2015年2月25日水曜日
歯科治療後の痛みについて
ゲスト/医療法人社団アスクトース 石丸歯科診療所 近藤 誉一郎院長
虫歯の治療後、しばらくの間、痛みが残ることはありますか。
一般的な虫歯の治療は、虫歯部分を完全に取り除くことを基本としますが、神経のある歯を削っていくと、削った分だけ歯の中にある神経が近くなります。虫歯のタイプや進行具合によっては、やむを得ず神経に近いところまで削らなくてはならないこともあり、治療後に軽い痛みや染みる症状が残ることがあります。また、歯を削ったり、歯に詰め物をしたりという行為そのものの刺激により、術後痛が出る場合もあります。削った後、歯は神経を保護するように新しい層(第二象牙質)を作ります。第二象牙質が形成されると、刺激が神経に伝わりにくくなり、それらの症状も次第に治まっていくケースが多いです。

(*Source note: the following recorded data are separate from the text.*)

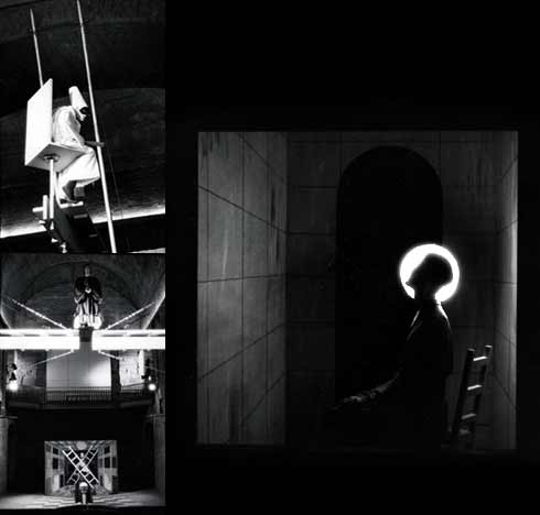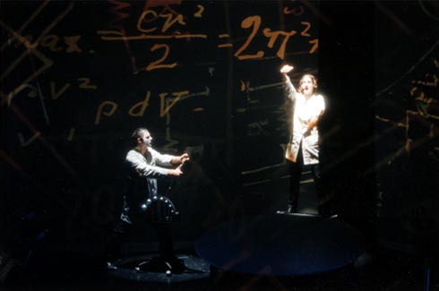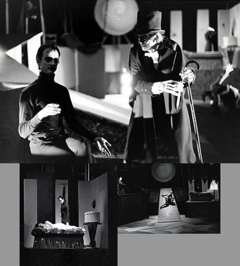 The stage as a kinetic canvas for light, well defined space, and color, in which painted figures—Red Man, Yellow Lady, and Blue Man—struggle for control over the image.
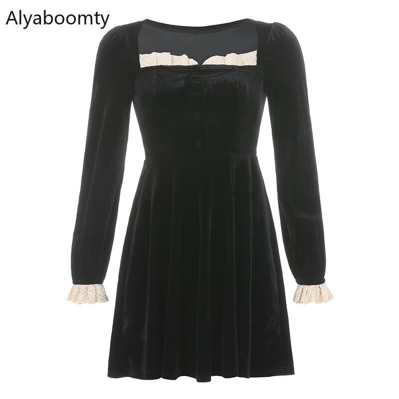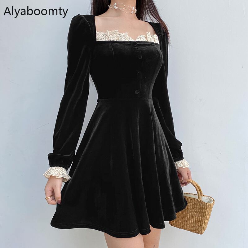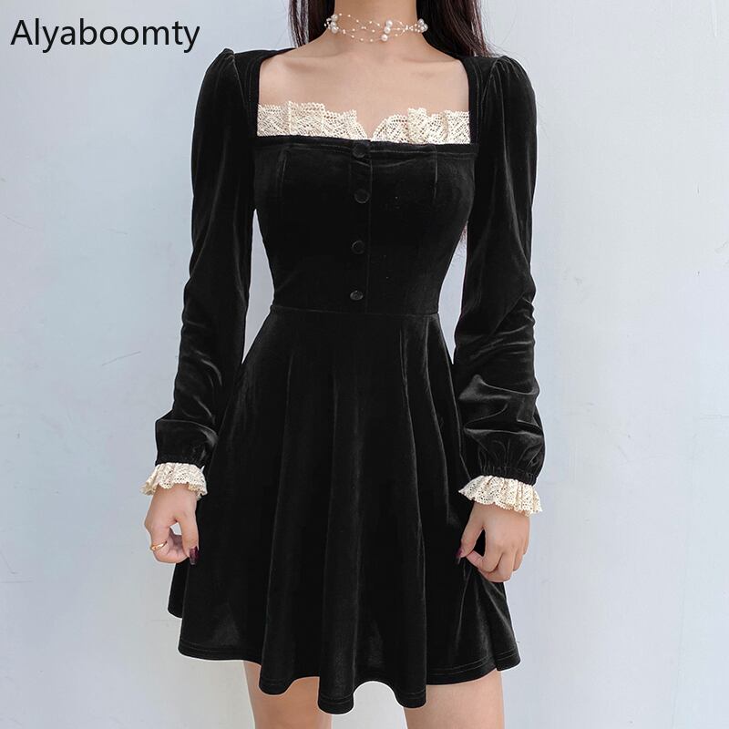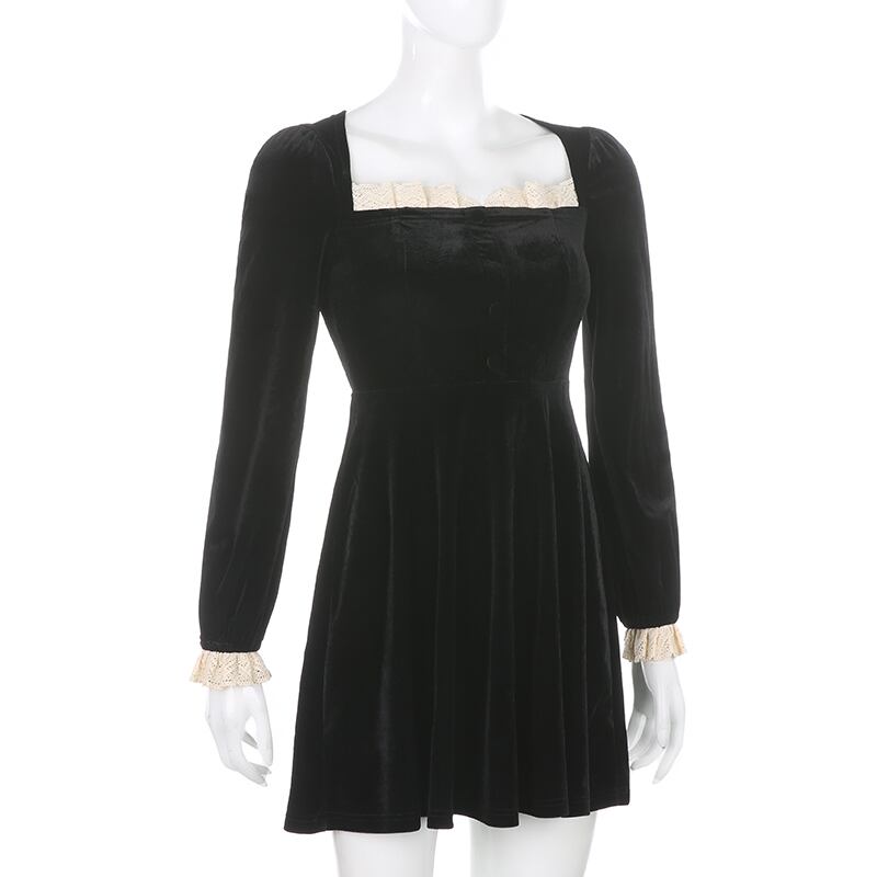 送料無料୨♥୧ レディースブラックミニドレス カラーレース かわいい スクウェア AOS81944817112
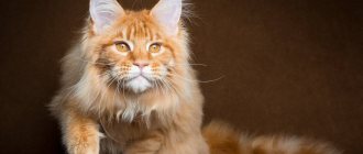The Maine Coon is a large-sized native American breed. The ears are decorated with tassels, the neck is decorated with a lush collar.
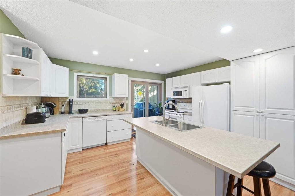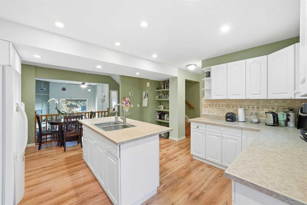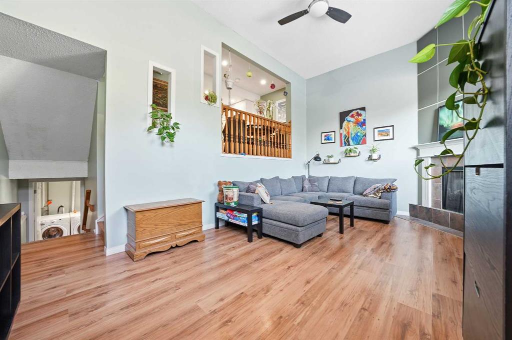 The home opens into a warm and welcoming living room with vaulted ceilings and a corner fireplace, creating an ideal gathering space for movie nights or evenings by the fire. Just a few steps up, the bright, open kitchen and dining area offers ample cabinetry, generous prep space, and a centre island perfect for casual meals or entertaining.
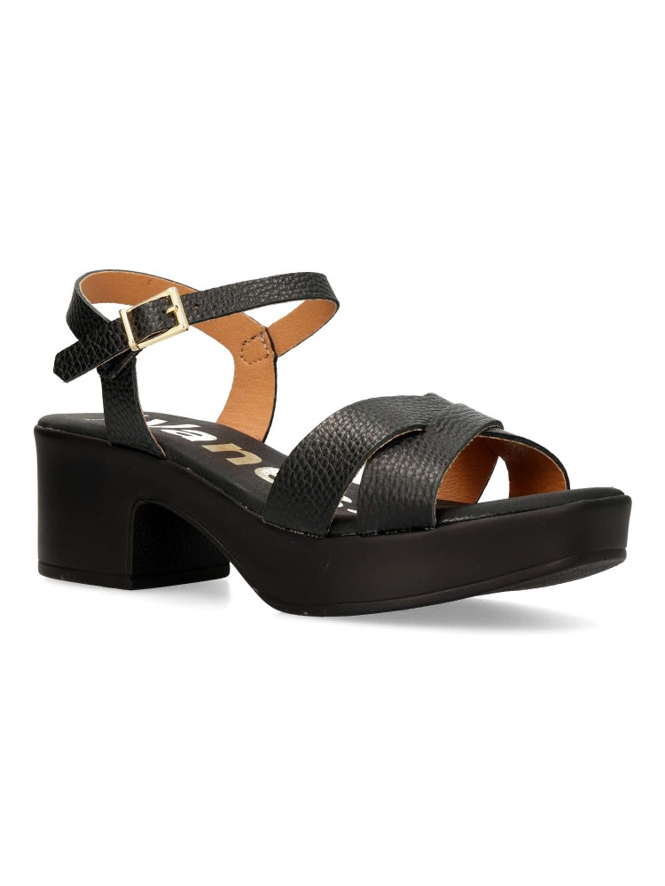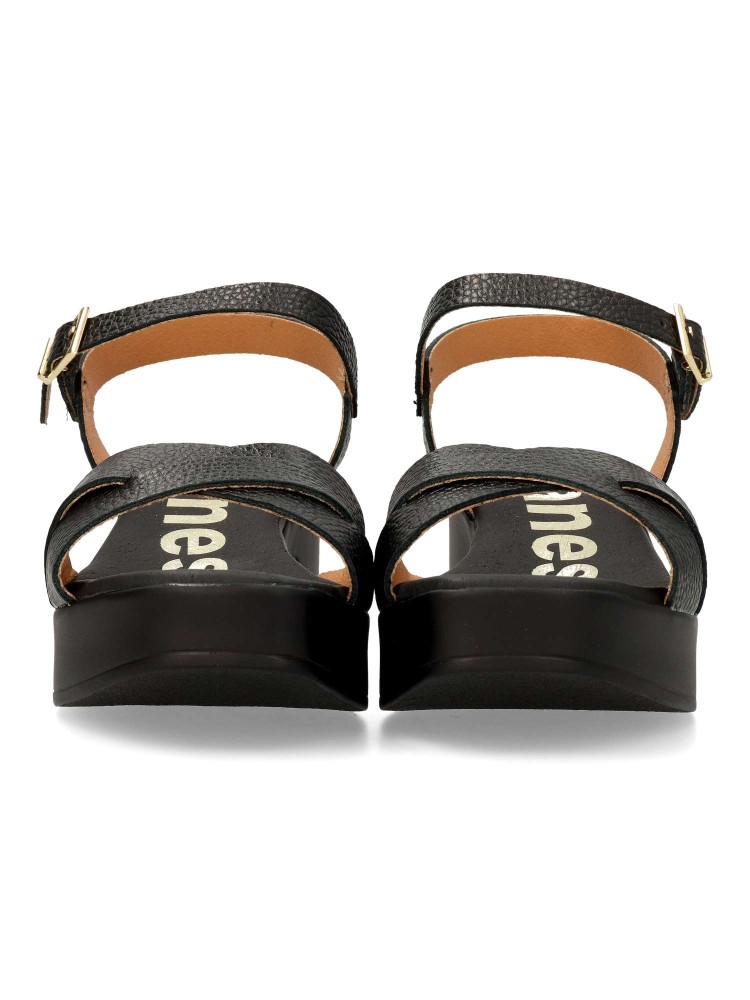 Sandalia cómoda de mujer. Fabricada en piel de calidad. Tacón y plataforma. Altura 5,5 cm. Forros y plantillas 100% transpirables. Planta acolchada. Diseño y confort, ideal con tus looks arreglados de verano. Hecho en España.
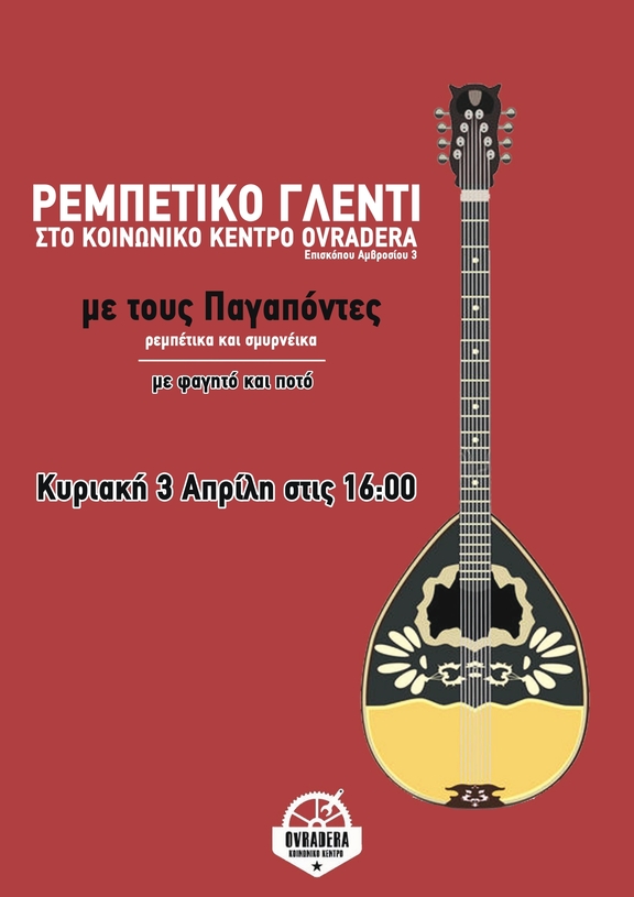 Ρεμπέτικο γλέντι οικονομικής ενίσχυσης του Κοινωνικού Κέντρου Ovradera με το μουσικό σχήμα "Παγαπόντες" (ρεμπέτικα και σμυρνέικα), φαγητό και ποτό.

症状が治まるまでの期間はさまざまで、1、2週間程度で落ち着く場合もあれば、1年以上かかることもあります。慎重に様子を見ながら対応していきますが、症状が軽減しない場合には、神経を取らなければならないこともあります。ただし、神経を取ってしまった歯は弱くなりますので、経過観察方法および治療などについて、かかりつけの歯科医とよく相談することが大切です。
歯の神経を取った後に、痛みが残ることはありますか。
虫歯が歯の神経にまで及んでいる場合など、根管治療(歯の神経・根の治療)が必要になります。根管は部位によってそれぞれ異なる形状で、複雑に分岐・湾曲しているので、非常に難しい治療の一つといえます。
治療時には、細い針のような器具を用いて、神経を取り除いていくのですが、その構造や形態によっては、完全に除去するのが難しいものもあります。歯根の奥に残った神経に炎症など問題があると、術後に痛みや不快症状が出る場合があります。特に奥歯の大臼歯では根管が3〜4本あり、複雑な形状のため、処置後も不快症状が残るケースが少なくないです。また、神経をきれいに取り除けたとしても、治療の刺激などにより、しばらく痛みが生じることもあります。
根管治療後に不快感が残っている場合は、硬いものをかむのを控える、仮歯にして歯の負担を少なくするなどしながら、経過観察を行います。それでも治まらない時は、レントゲンやCTなどで精密検査をした後、もう一度歯の根の中を治療していきます。
気になることや、調子が悪いと思われる部位があれば、適切な相談・治療を早期に受けることをお勧めします。